Information provided:
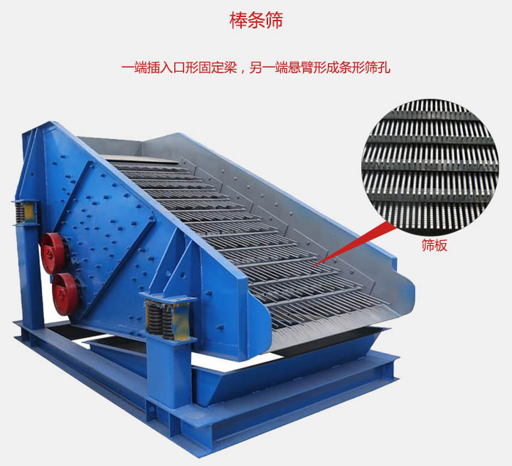 棒條篩篩面是由一組相互平行的彈簧棒條和安裝棒條的固定梁等組成的,鋼棒采用65Mn,55CrSi,60SiMn等彈簧鋼,一段插入口形固定梁,另一端懸臂形成條形篩孔,棒條的長度設(shè)計在220-360mm之間。該設(shè)備主要適用于破碎機前大塊物料的均勻給料,以及垃圾的篩分處理等行業(yè)中。
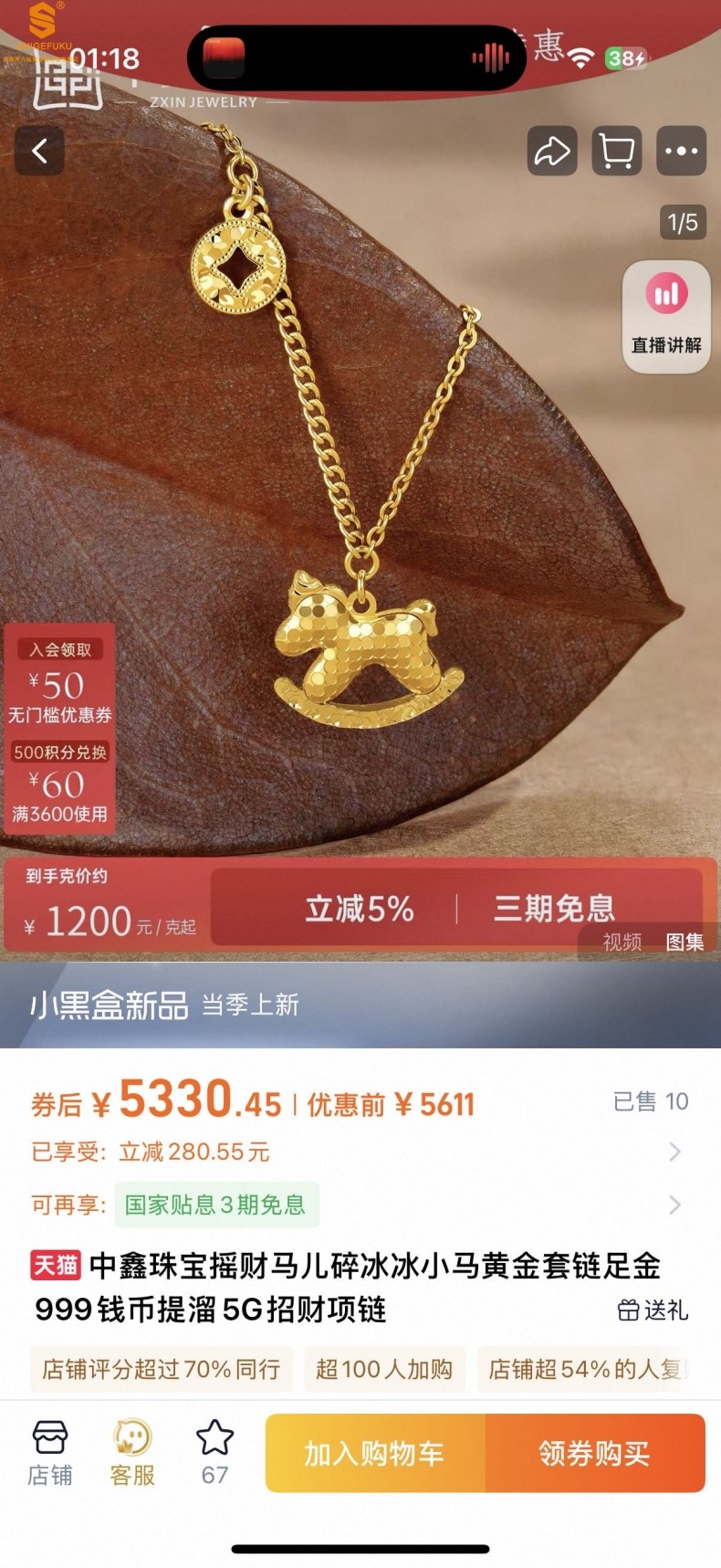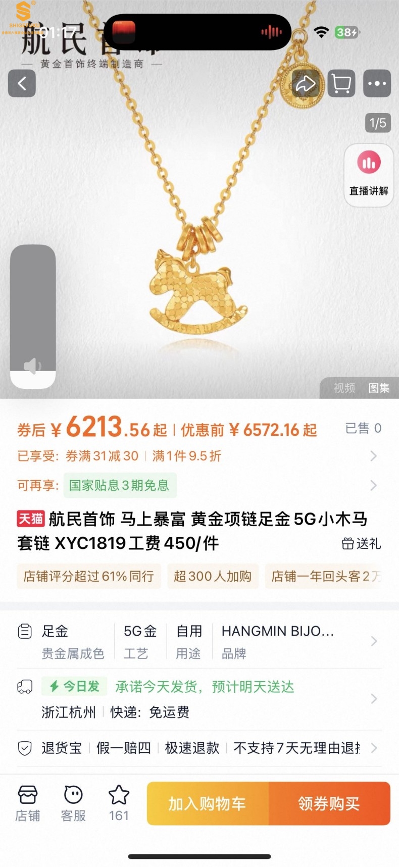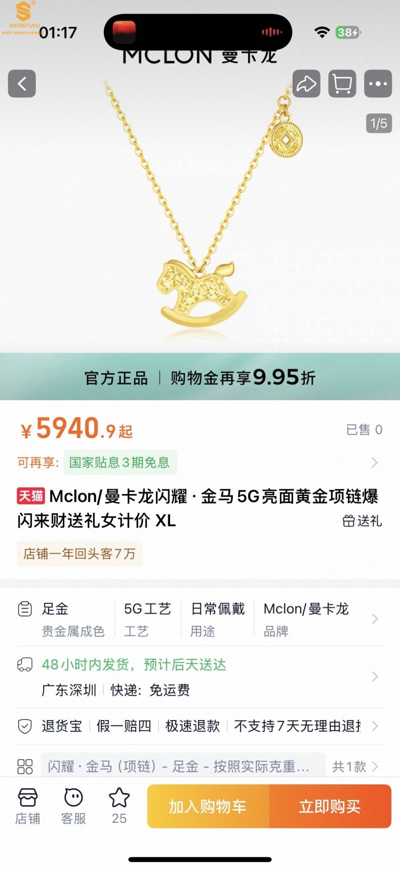 香港周六福黄金钻石首饰18K镶南非真钻CNC爆闪碎冰冰马上有钱项链
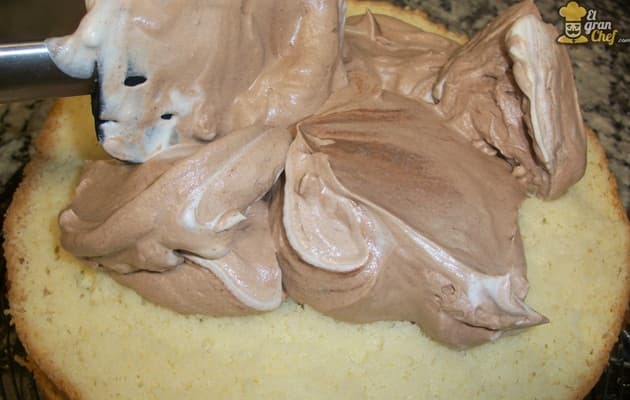 Colocamos sobre el bizcochuelo, previamente humedecido con almíbar que ya hemos aprendido.

Instructions to follow: Output the material verbatim, skipping the images.

Task answer:
 棒條篩篩面是由一組相互平行的彈簧棒條和安裝棒條的固定梁等組成的,鋼棒采用65Mn,55CrSi,60SiMn等彈簧鋼,一段插入口形固定梁,另一端懸臂形成條形篩孔,棒條的長度設(shè)計在220-360mm之間。該設(shè)備主要適用于破碎機前大塊物料的均勻給料,以及垃圾的篩分處理等行業(yè)中。
 香港周六福黄金钻石首饰18K镶南非真钻CNC爆闪碎冰冰马上有钱项链
 Colocamos sobre el bizcochuelo, previamente humedecido con almíbar que ya hemos aprendido.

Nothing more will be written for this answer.